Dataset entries
*** Block opens ***

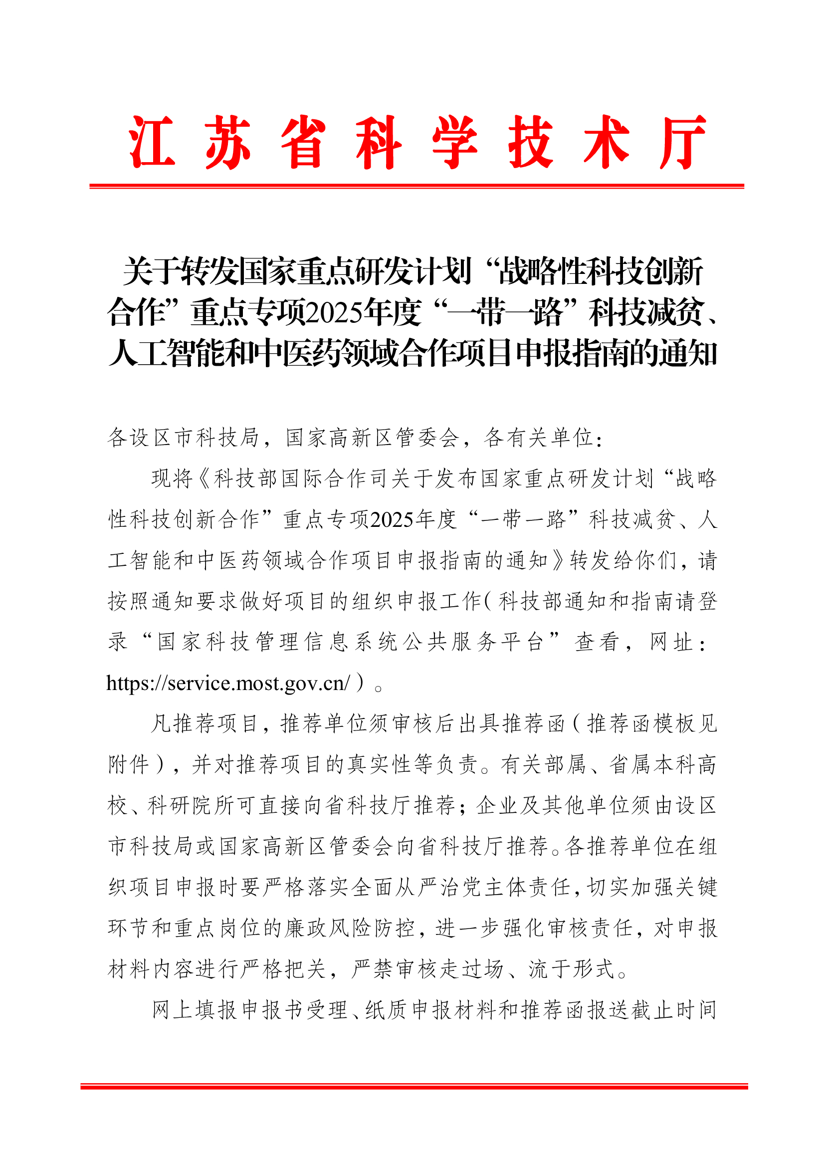 江苏省科学技术厅 关于转发国家重点研发计划“战略性科技创新合作”重点专项2025年度“一带一路”科技减贫、人工智能和中医药领域合作项目申报指南的通知
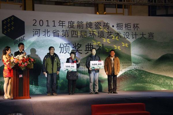 2011年12月27日下午,由中國建筑學會室內(nèi)設計分會第23專業(yè)委員會、河北省建筑裝飾學會、河北省工程勘察咨詢協(xié)會、石家莊市工程勘察咨詢業(yè)協(xié)會和石家莊建筑藝術沙龍主辦、箭牌瓷磚·櫥柜冠名、德利·名家壁紙布藝協(xié)辦、石家莊綠色家居有限公司承辦箭牌瓷磚·櫥柜杯河北省第四屆環(huán)境藝術設計大賽頒獎盛典在東明家具東二環(huán)店盛大開幕,河北省住房與城鄉(xiāng)建設廳總工程師馮長鎖、石家莊市投資促進局局長馬千里、河北省住房與城鄉(xiāng)建設廳建筑市場監(jiān)管處調(diào)研員蘭政、河北省住房與城鄉(xiāng)建設廳、河北省建設工程質(zhì)安處調(diào)研員朱忠?guī)?、石家莊市建設局總工程師王文章、石家莊市建設局設計處處長付相龍、河北省工程勘察咨詢協(xié)會會長劉寶才、河北省建筑裝飾學會常務副會長兼秘書長鄭榮科、河北省建筑裝飾學會總工程師溫德明、石家莊市勘察設計咨詢業(yè)協(xié)會會長陳式謙、石家莊市建筑裝飾協(xié)會會長朱紹榮、、中國建筑學會室內(nèi)設計分會第二十三專業(yè)委員會常務副主任/石家莊常宏建筑裝飾工程有限公司總經(jīng)理王躍等領導出席了此次大賽的頒獎典禮,還有來自省內(nèi)各建筑設計院、大專院校領導、裝飾公司、設計公司的領導及設計師等300余人云集一堂,共同見證大賽頒獎盛況,常宏建筑裝飾工程有限公司、大石代設計咨詢有限公司及孫一鳴高端空間設計服務機構為大賽的頒獎典禮帶來了精彩的節(jié)目,使頒獎現(xiàn)場精彩紛呈。
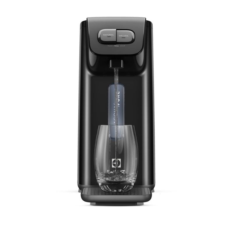 O Purificador de Água Electrolux Efficient (Gelada, Fria e Natural) Preto é a combinação perfeita entre saúde e modernidade, e conta com um filtro que retém as impurezas, melhorando a qualidade da água. Com o purificador você tem certeza de que sua água estará sempre fresca e livre de impurezas. Ideal para beber ou cozinhar todos os dias, de forma ainda mais prática. A Tecnologia Acqua Pure garante alta eficiência na filtragem através de um filtro composto por carvão ativado com íons de prata e uma barreira de polipropileno que filtra as impurezas sólidas. Inibe o desenvolvimento de bactérias*, retém partículas de 5 a 15µm (partículas invisíveis a olho nu)** e reduz em até 75%** o excesso de cloro livre na água, além de reduzir odores e sabores. Evite o descarte de garrafas pet no meio ambiente com a economia até 2000 garrafas plásticas de 1,5L***. A troca de refil é fácil e simples. Quando necessário, uma luz se acenderá no painel. A recomendação é que a troca seja feita a cada 6 meses, utilizando um filtro original para garantir o desempenho do purificador. Uma das facilidades do Purificador de Água Electrolux Efficient é que você mesmo pode fazer sua limpeza e manutenção, sem a necessidade de acionar um técnico. Além disso, o purificador dispensa o uso de pilhas e possui design compacto e versátil, com a altura ideal para diversos recipientes, como copos, panelas e jarras. Ocupa menos espaço e pode ser instalado na parede.
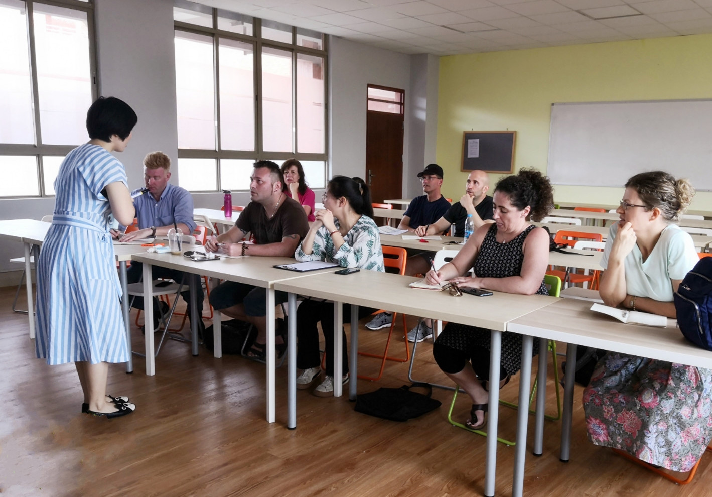 该课程于4月23日下午正式开课。授课老师为我校文学院文学系汉语国际教育专业教师李雅洁老师。李老师采用显浅易懂、情景结合的教学方式使外教们对学好中文非常有信心。
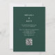 Invitation Emerald Green Simple Monogramme QR Code Mariage
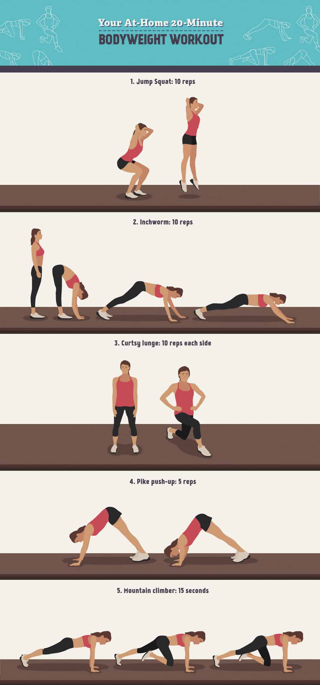 This high intensity 20-minute bodyweight circuit is sure to be a heart-pumping, sweat session good enough to melt the frost right off the tip of your nose.
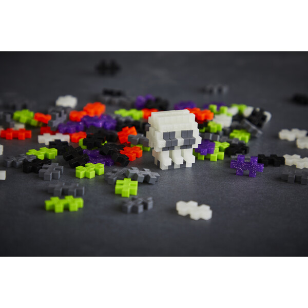 I denna mix får du 240 Plus-Plus i färgerna Glittrande lila, Neon Orange, Självlysande, Lime, Svart och Mörkgrå. Det är den perfekta kombinationen av färger för att sätta i gång det kreativa byggandet och skapa en kuslig stämning. Du kan skapa precis vad du vill med Plus-Plus Spooky Färgmix, eftersom mixen uppmuntrar fri lek utan specifika instruktioner. Släpp bara lös fantasin och låt den leda vägen.
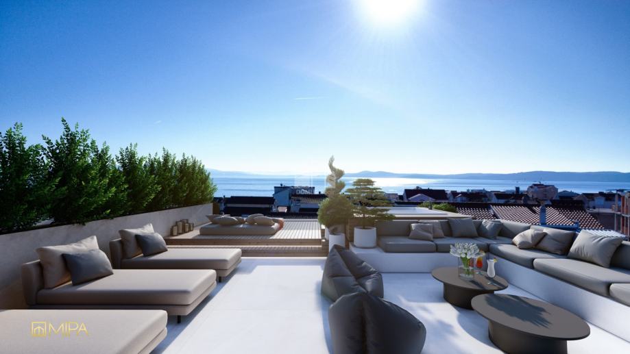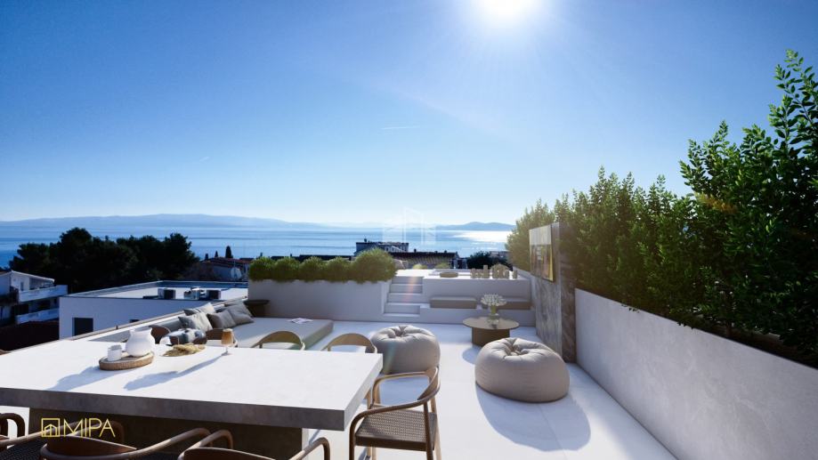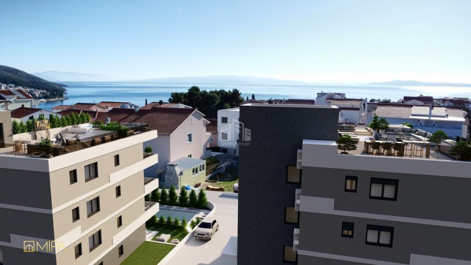 Ulaz vodi u hodnik koji vodi do dnevnog prostora i s čije je desne strane smještena kupaonica. Prostrana kuhinja, blagovaonica i dnevni boravak čine otvoreni prostor koji je idealan za druženje i opuštanje. Iz dnevnog boravka se izlazi na prostrani balkon s kojeg se pruža predivan pogled na more. Predsoblje vodi do dvije spavaće sobe, od kojih jedna ima izlaz na drugi balkon te kupaonicu, pružajući dodatnu privatnost i komfor.

*** Block closes ***

Activity :: Set down nothing but the lines from the one containing "This high intensity" to the final line above, both included, with every picture left out.

Response area ::
 This high intensity 20-minute bodyweight circuit is sure to be a heart-pumping, sweat session good enough to melt the frost right off the tip of your nose.
 I denna mix får du 240 Plus-Plus i färgerna Glittrande lila, Neon Orange, Självlysande, Lime, Svart och Mörkgrå. Det är den perfekta kombinationen av färger för att sätta i gång det kreativa byggandet och skapa en kuslig stämning. Du kan skapa precis vad du vill med Plus-Plus Spooky Färgmix, eftersom mixen uppmuntrar fri lek utan specifika instruktioner. Släpp bara lös fantasin och låt den leda vägen.
 Ulaz vodi u hodnik koji vodi do dnevnog prostora i s čije je desne strane smještena kupaonica. Prostrana kuhinja, blagovaonica i dnevni boravak čine otvoreni prostor koji je idealan za druženje i opuštanje. Iz dnevnog boravka se izlazi na prostrani balkon s kojeg se pruža predivan pogled na more. Predsoblje vodi do dvije spavaće sobe, od kojih jedna ima izlaz na drugi balkon te kupaonicu, pružajući dodatnu privatnost i komfor.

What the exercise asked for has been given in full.